Parliament approved on Thursday a bill granting women working in the organised sector paid maternity leave of 26 weeks, up from 12 weeks now, a decision which will benefit around 1.8 million women.
The law will apply to all establishments employing 10 or more people and the entitlement will be for the first two children. For the third child, the entitlement will be 12 weeks.
With this, India becomes the country with the third highest maternity leave. Canada and Norway grant 50 weeks and 44 weeks respectively as paid maternity leave.
The Maternity Benefit (Amendment) Bill, 2016 was passed by Lok Sabha on Thursday. Rajya Sabha had passed it in August last year.
Piloting amendments to the old law, labour minister Bandaru Dattatreya said that while framing the rules, he would try to ensure that pregnant women got maximum benefits. “This is my humble gift to women, a day after the world celebrated International Women’s Day,” he said after a four-hour debate during which some members demanded paternity benefits too. They argued that these days most children were born in nuclear families where both the father and mother have to take care of the child.
Women and child development minister Maneka Gandhi said this was a major step towards empowering women. “I am very, very happy we have made history today. This will help thousands of women and produce much healthier children. We have been working on it for a long time,”she said.
The Maternity Benefit Act, 1961 protects the employment of women during the time of her maternity and entitles her full paid absence from work to take care of her child.
Among other things, the bill provides for 12 weeks of maternity leave to a woman who legally adopts a child under three months of age and a commissioning mother (defined as a biological mother) who uses her egg to have a surrogate child.
The bill also requires every establishment with 50 or more employees to provide creche facilities within a prescribed distance. The woman will be allowed four visits to the creche a day. This will include her interval for rest.

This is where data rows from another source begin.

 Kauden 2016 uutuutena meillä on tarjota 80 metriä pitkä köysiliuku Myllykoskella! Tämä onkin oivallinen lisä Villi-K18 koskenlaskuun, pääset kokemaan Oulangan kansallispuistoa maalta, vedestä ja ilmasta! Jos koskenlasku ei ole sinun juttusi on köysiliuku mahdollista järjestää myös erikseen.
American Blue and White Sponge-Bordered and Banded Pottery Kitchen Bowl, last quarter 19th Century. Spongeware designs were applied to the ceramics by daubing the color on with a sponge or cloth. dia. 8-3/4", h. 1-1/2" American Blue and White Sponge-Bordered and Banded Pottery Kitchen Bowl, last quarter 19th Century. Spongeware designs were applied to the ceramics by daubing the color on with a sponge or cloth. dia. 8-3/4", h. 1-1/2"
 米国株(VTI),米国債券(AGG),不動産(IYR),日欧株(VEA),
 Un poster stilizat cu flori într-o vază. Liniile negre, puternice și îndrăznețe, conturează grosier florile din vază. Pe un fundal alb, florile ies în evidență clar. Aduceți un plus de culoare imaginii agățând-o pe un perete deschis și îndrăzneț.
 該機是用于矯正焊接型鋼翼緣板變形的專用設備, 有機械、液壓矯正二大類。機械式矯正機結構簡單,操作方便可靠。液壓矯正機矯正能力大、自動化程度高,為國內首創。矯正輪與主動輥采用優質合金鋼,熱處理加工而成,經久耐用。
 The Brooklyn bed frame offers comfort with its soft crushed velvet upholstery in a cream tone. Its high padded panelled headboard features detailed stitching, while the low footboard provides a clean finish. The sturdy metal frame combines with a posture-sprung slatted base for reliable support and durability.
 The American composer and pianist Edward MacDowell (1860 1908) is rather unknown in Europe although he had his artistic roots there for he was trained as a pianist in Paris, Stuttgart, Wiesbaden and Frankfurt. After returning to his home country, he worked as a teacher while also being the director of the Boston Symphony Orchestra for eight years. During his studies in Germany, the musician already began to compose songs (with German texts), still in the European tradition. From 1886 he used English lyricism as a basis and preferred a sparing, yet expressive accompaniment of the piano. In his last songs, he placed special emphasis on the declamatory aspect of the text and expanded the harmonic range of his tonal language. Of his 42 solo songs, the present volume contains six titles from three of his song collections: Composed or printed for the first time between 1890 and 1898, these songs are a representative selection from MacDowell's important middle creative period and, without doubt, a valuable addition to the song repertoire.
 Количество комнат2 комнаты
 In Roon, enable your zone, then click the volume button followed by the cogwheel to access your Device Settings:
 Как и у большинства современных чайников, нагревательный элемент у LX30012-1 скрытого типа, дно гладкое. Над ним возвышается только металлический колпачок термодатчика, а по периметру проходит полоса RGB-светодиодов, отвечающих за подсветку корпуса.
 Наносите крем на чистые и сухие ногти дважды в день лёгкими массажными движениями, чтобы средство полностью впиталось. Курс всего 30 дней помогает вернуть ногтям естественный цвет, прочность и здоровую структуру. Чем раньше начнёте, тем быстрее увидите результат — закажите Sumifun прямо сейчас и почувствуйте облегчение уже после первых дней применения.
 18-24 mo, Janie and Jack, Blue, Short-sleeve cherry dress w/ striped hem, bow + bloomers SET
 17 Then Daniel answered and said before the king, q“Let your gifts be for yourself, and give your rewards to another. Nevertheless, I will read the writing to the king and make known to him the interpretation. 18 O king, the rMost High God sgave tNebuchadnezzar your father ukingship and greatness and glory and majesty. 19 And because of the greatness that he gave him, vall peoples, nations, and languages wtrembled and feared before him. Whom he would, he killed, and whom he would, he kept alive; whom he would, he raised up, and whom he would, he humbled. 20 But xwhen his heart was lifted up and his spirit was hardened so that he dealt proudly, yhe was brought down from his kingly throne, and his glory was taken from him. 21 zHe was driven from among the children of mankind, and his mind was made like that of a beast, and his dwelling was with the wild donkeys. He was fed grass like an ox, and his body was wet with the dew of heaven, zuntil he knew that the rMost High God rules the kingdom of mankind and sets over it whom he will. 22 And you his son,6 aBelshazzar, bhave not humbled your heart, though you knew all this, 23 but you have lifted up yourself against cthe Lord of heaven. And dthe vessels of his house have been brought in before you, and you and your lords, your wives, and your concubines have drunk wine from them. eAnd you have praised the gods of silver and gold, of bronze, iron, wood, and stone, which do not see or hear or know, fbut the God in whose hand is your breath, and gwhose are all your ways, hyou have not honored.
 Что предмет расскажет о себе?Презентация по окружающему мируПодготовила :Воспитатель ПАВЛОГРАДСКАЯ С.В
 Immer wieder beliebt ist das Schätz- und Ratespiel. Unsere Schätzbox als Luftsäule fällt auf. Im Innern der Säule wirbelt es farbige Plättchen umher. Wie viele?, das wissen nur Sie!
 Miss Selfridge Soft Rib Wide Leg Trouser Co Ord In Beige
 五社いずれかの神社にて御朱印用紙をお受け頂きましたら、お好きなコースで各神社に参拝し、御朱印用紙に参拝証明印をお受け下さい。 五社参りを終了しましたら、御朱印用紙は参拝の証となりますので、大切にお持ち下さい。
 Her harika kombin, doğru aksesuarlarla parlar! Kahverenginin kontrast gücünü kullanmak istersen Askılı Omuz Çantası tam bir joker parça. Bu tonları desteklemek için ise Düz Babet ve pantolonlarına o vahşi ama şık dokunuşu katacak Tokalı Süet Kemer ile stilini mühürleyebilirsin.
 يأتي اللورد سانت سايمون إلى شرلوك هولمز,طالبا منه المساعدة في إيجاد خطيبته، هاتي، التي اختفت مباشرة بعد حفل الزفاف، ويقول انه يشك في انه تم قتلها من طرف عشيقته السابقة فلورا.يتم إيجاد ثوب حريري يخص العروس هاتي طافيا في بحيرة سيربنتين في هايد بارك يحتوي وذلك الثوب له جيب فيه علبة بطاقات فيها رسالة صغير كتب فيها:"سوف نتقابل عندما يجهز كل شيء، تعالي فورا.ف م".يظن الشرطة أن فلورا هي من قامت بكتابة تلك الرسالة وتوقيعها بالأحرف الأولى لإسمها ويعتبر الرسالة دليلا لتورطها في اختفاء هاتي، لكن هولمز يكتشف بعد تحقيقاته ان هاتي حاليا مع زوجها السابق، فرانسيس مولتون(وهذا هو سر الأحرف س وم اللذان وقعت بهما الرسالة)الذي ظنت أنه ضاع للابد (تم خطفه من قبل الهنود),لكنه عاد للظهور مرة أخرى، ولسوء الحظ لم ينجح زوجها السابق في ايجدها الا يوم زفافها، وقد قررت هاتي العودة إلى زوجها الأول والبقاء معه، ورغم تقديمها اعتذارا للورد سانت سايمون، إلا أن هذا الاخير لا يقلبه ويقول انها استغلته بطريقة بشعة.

It has also made a provision under which an employer can permit a woman to work from home, if the nature of work assigned permits.
Observing that labour falls in the Concurrent List, the minister appealed to states to ensure all benefits reach women.
Participating in the debate, Congress’s Sushmita Dev said since amendments raised the period of leave to 26 weeks from the present 12 weeks, it could act as a deterrent for the private sector to employ women. “Since the employer has to pay the salary during the leave period, the amendment might turn out to be counter-productive. Innovative thing to do would be to bring in paternity benefit,” Dev said.
Ratna De Nag (TMC) too made a case for paternity benefit and said her party’s government in West Bengal was already providing paternity leave for 30 days.